Research in biology and medicine has been greatly transformed in the last decade, specially by the generation, processing and analysis of large datasets. Part of this transformation is the result of large DNA sequencing projects – such as the Human Genome Project - and, more recently, the improvement in high-throughput sequencing technologies. A decisive factor in this transformation however, was the evolution if computational power and the development of new fields such as bioinformatics (or Computational Biology), which integrate computational sciences with biological areas. Presently there are countless groups working on bioinformatics and ours is one of them.
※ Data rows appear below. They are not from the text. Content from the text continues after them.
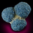 Usually in small crystals, which are in prismatic, tabular, or equidimensional form. Crystals are sometime striated. Other forms are massive, crusty, radiating, fibrous, earthy, columnar, stalactitic, as thin needles, and in ball-like aggregates. Also occurs in dense groups of tabular or prismatic crystals. Azurite may also form as a pseudomorph over other minerals, retaining the original crystal shape of the mineral that it formed a pseudomorph over.
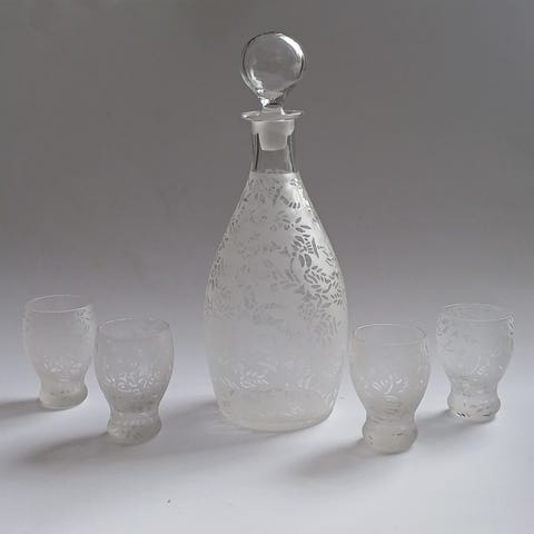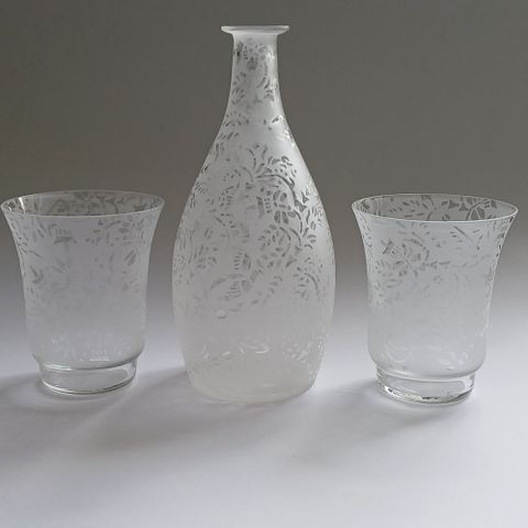 Kirkas lasikarahvi on suupuhallettu, driivattu, punttelin jälki hiottu. Alaosan jalusta ja koristeruusukkeet tehty muotopuristimella. Korkki tulpattu, siinä yksi ruusuke.
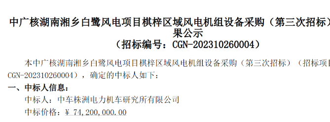 1月2日,中廣核電子商務(wù)平臺發(fā)布《中廣核湖南湘鄉(xiāng)白鷺風(fēng)電項目棋梓區(qū)域風(fēng)電機(jī)組設(shè)備采購(第三次招標(biāo))中標(biāo)結(jié)果公示》的公告。
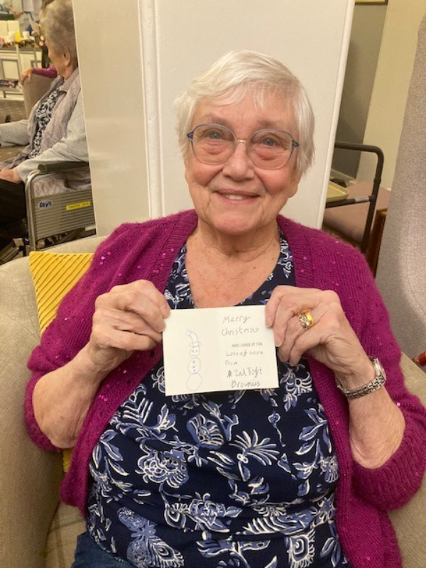 The girls filled the home with festive cheer, performing a wonderful selection of Christmas carols and seasonal songs for residents to enjoy. Their visit didn’t stop at music – the Brownies also thoughtfully delivered handmade Christmas cards, bringing smiles and joy to everyone who received one.
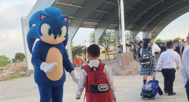 Pero la manera que más sorprendió a los menores tanto de su grupo, como de todo el alumnado es que desde muy temprano los recibió luciendo una botarga de Sonic en la entrada de la escuela, dando la bienvenida, saludando de mano a cada uno de ellos que se acercaron para ver a su personaje favorito.
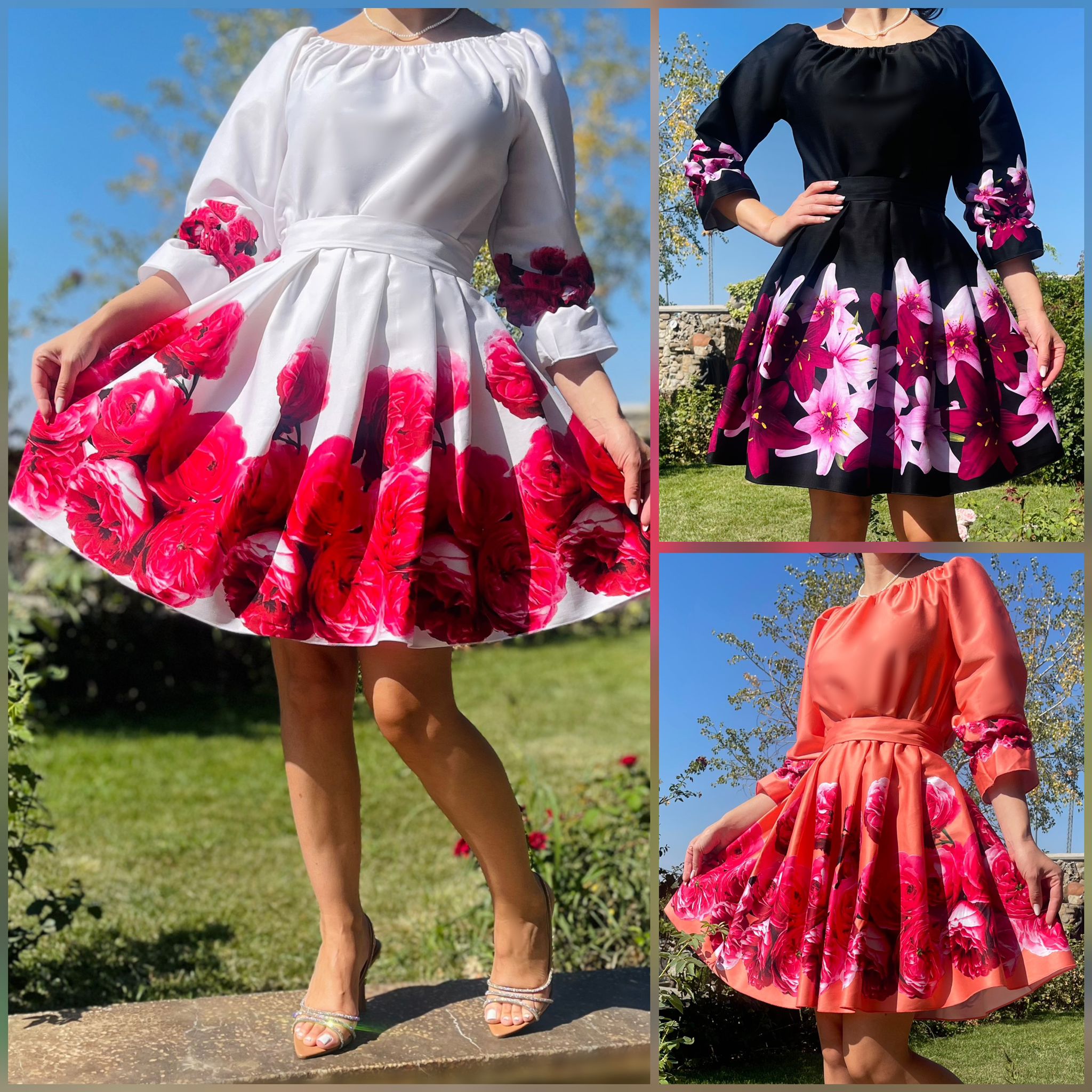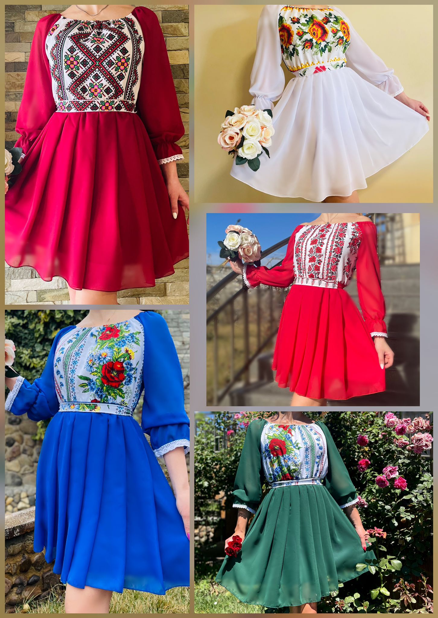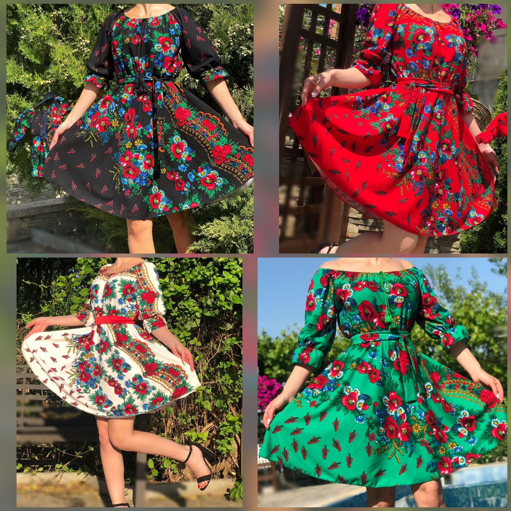 Rochie scurta Engros pentru femei, mix culori ,cu model traditional imprimat, tafta
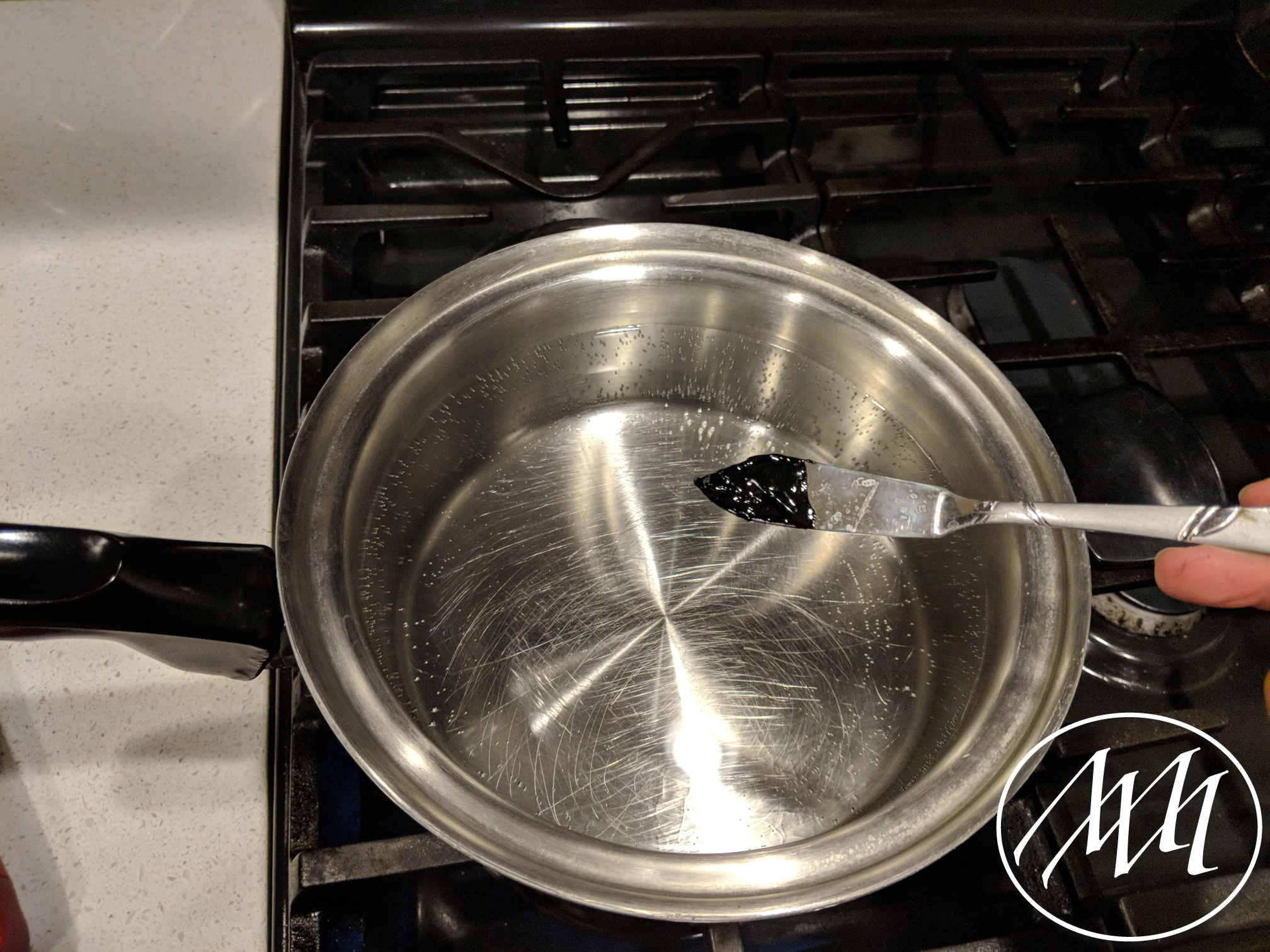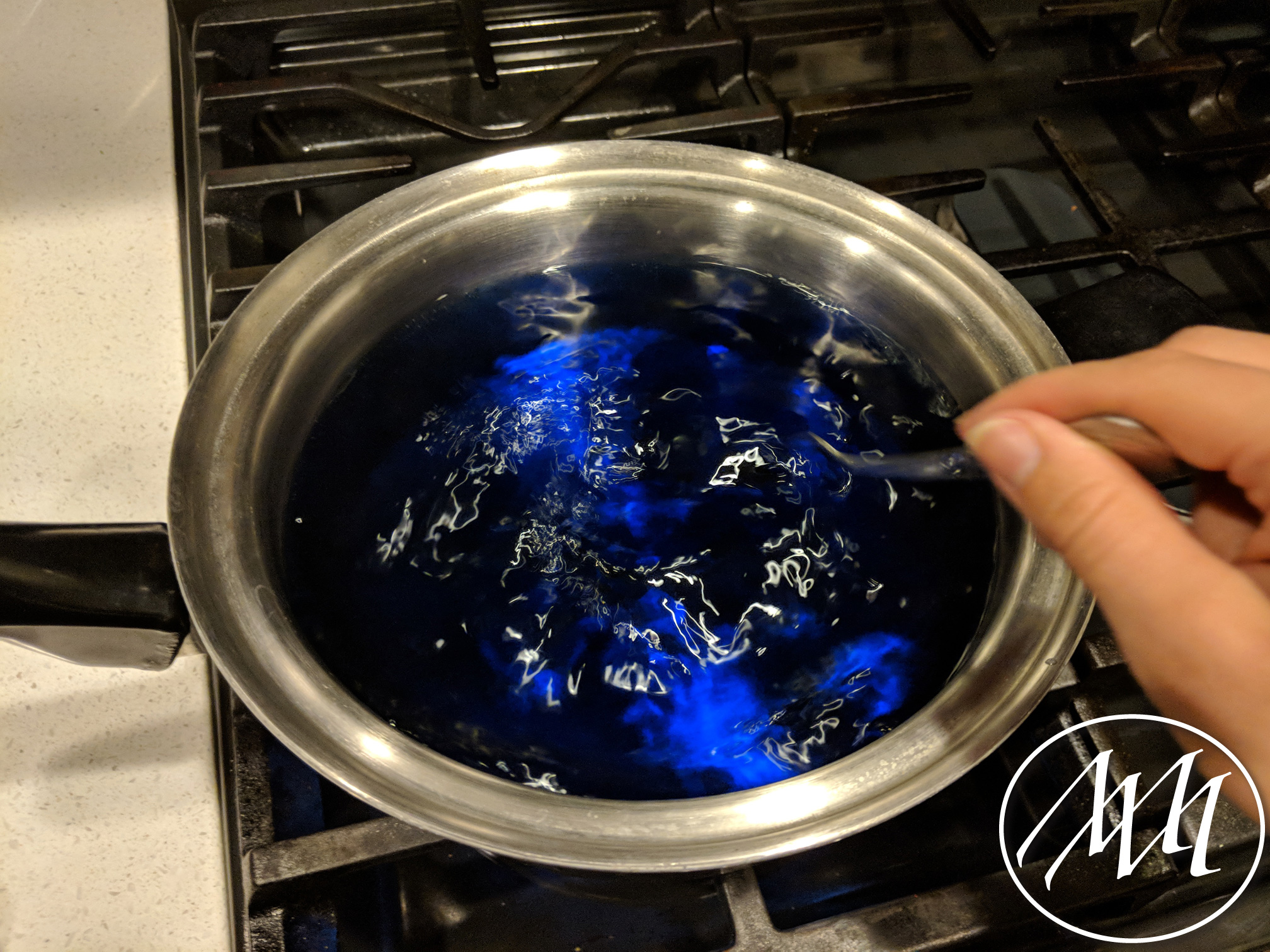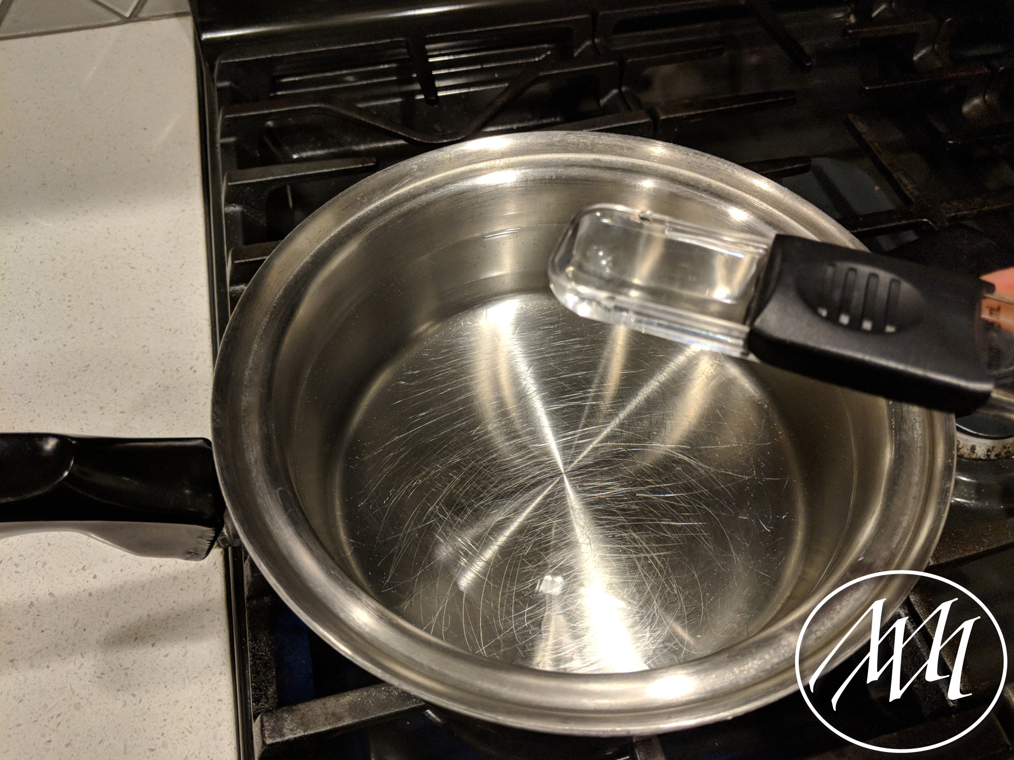 Add some water to your medium saucepan and bring your water to a boil on high. Add in one tablespoon of vinegar per cup of water. I added four tablespoons to mine.
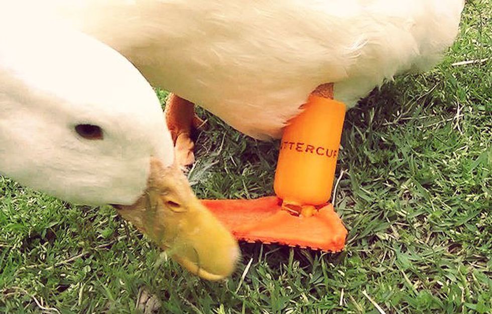 Buttercup the duck was born with a backwards left foot in a high school biology lab in Texas. Realizing that she couldn't survive in the wild like that, Mike Garey had her foot amputated and a 3D printed foot and sock put on. The foot and sock were printed out of silicon in order to enable the flexibility required to be able to swim. Today, Buttercup the duck performs all the other duck-like movements of Garey's flock. Check out Buttercup with her new prosthetic. Of course, not only can duck prosthetics be printed, but human ones as well. By delivering cheaper to manufacture prosthetics, more people would be able to access them and live the life they want to.
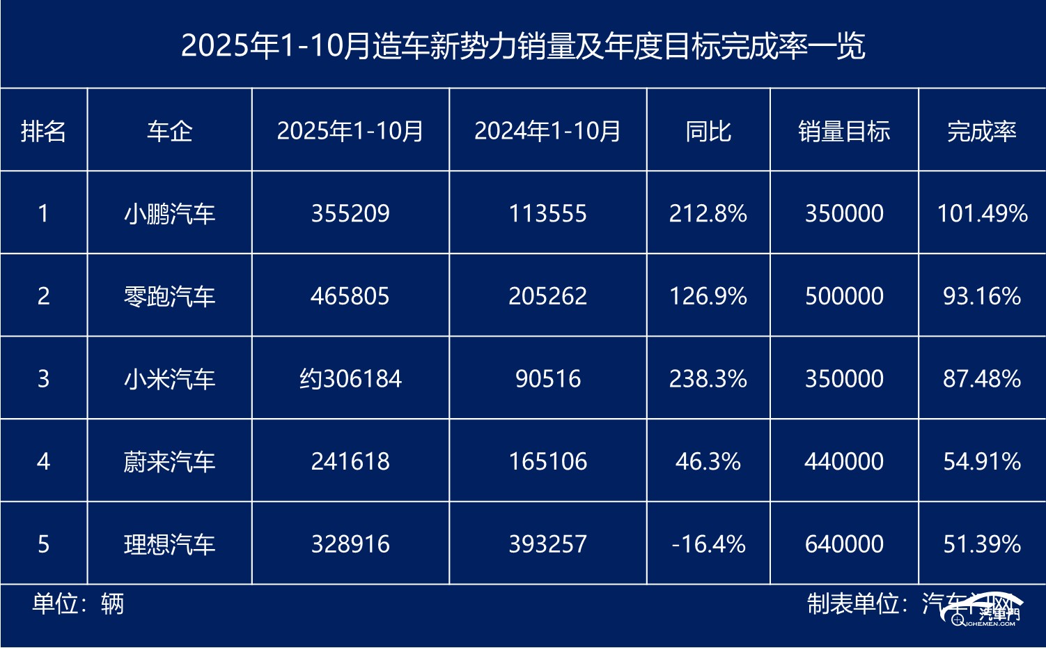 2025年1-10月造車新勢(shì)力銷量盤點(diǎn):某車企率先交卷
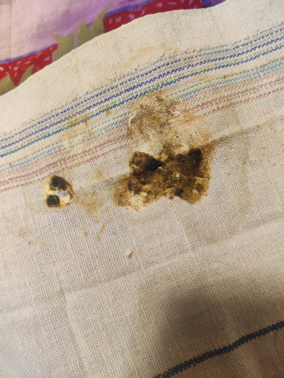 есть еще вот это но оно не будет использоваться видимо да я понял, но мне что делать когда фармацевт говорит что у них есть и то и то. я сразу у всех спросил. ну он не каменный он довольно легко мнется сейчас разминал его. пахнуло больничкой. он разминается и как будто раскрошивается? не понял пока. может показалось сейчас собирался залить туда побольше нистатина и минут через 15-30 маслица сверху. но если залить маслице оно там не застрянет ли в случае неудачной попытки? это лучше чем маслице? или можно одновременно? просто мне кажется если хорошо размять а потом еще ношпу с церукалом? то может пойти? что вы скажете про этот метод? или лучше размять но маслица не лить а закинуть ферментов? но может то что там грибы эти и не следует переваривать? а просто пропустить по кишке побыстрее? или если ферменты не сработают уже после них залить маслица? миллион вопросов в общем и как разминать насколько осторожно. не повредить бы оно почти не сохранилось но вот примерно начиналось таким а дальше пошло вот такое такие маленькие но их не очень много было. и они закончились пока что. часа 2 назад ..... ах да и сколько делать ферментов тогда? вот я фото прислал я когда со своим животом мучился многократно слышал мнение что эти ферменты вообще никакой роли не играют и просто не работают. сам я не знаю че думать

The Bioinformatics Group at the IEP-HSL was created recently and our main goal is to produce high-quality research in the field of bioinformatics, biology and medicine.


Research interests

     Specifically, we focus on Genomics (Genomics), transcriptomics, and generating computational webtools, all of it applied mainly to cancer research. We currently have projects in all of these lines, which comprehend mostly: I) the study of simple and complex structural variations in normal and tumor genomes; ii) the study of post-transcriptional events; iii) the study of differentially expressed genes, related or not to pathological states; iv) the development of computational tools related to analysis of non coding genes. Below you can find a more detailed description of some of our projects:


1 - Study of simple and complex variations in normal and pathological genomes.


     Genomic variations occur in every living being and are considered by many as the basis for natural selection. These variations account for the differences between individuals of the same species (in average we present 0.1% of genomic difference with relation to any other human being for example). These variations however, are also responsible for the development or a predisposition (weak or strong) to some diseases. Somatic mutations in specific genes and chromosomal rearrangements give origin to most cases of human cancers. The field of Oncobiology is going through a revolution due to low sequencing costs and a high-throughput generation of data. Our group is interested in the study of variations, both simple and complex, in normal genomes and pathological states, especially cancer. Thus, we use computational tools and large scale DNA sequencing focused on relevant biological questions.


2 - Study of post-transcriptional events.


     Part of the complexity of our species is consequence of the processing of RNAs that occurs after gene transcription. Alternative splicing , for example occurs in ~95% of human multi-exonic genes. Another frequent phenomenon, called alternative polyadenylation , occurs in ~50% of our species coding genes. These processes are not exclusive to Homo sapiens (they are present in nearly all eukaryotes) and occur in a different manner in different tissues and pathological states. We now know that alternative splicing is involved in 15% of our genetic diseases and that alternative polyadenylation can be related to different types of tumors. These phenomena have been systematically explored since the beginning of genomic studies (especially the human genome) and benefit from the current technologies for sequencing, analysis and functional studies in large scale. Our group is also very interested in the study of alternative splicing and polyadenylation in the different tissues and in different types of tumor, for example.


3 - Study of differentially expressed genes in physiological or pathological states.


     The control of gene expression is essential to all organisms, development stages and normal physiological conditions. This is partly consequence if the differential gene expression present amongst different cell types, tissues and organs in a multi-cellular organism. However, deregulation of this fine control is related to diverse pathologies, including cancer. Tumor cells have, in general, distinct gene expression profiles than their counterpart normal tissues. Potentially, these genes can be used to classify tumors in subtypes, predict some of its characteristics (aggressiveness and invasion capacity, for example) and disease evolution. Our group is interested in the study of differential gene expression in tumors (especially colon, rectal and breast tumors). We are also interested in the study of differentially expressed genes in developmental stages, tissues and distinct organs.


4 - Development of computational tools related to miRNA analysis.


     miRNAs are short molecules, 22nt in average, that bind to target regions (usually 3'UTR) of coding mRNAs and initiate mechanisms of translational repression and/or mRNA decay. There are ~1500 miRNA genes already identified in the human genome and it is stipulated that these miRNAs have as target over ~60% of our protein coding genes. We also know that many of these miRNAs are located in the introns of coding genes (>50%) and that this may have important functional implications. Our group is greatly interested in exploring and developing tools to study genomics, transcriptomics and integrate diverse information related to miRNAs, especially intragenic miRNAs (see miRIAD).


     In all our work we rely on a computational environment based on Linux, using many programming languages (Perl, Python, PHP, R and Shell Script) and interaction with MySQL database. All data we produce and all our applications/programs/scripts are under a GPL license.



     The Bioinformatics Group at the IEP – HSL aims to systematically integrate computation and biology with the purpose of exploring relevant scientific questions and generating basic and applied knowledge in the fields of bioinformatics, biology and medicine.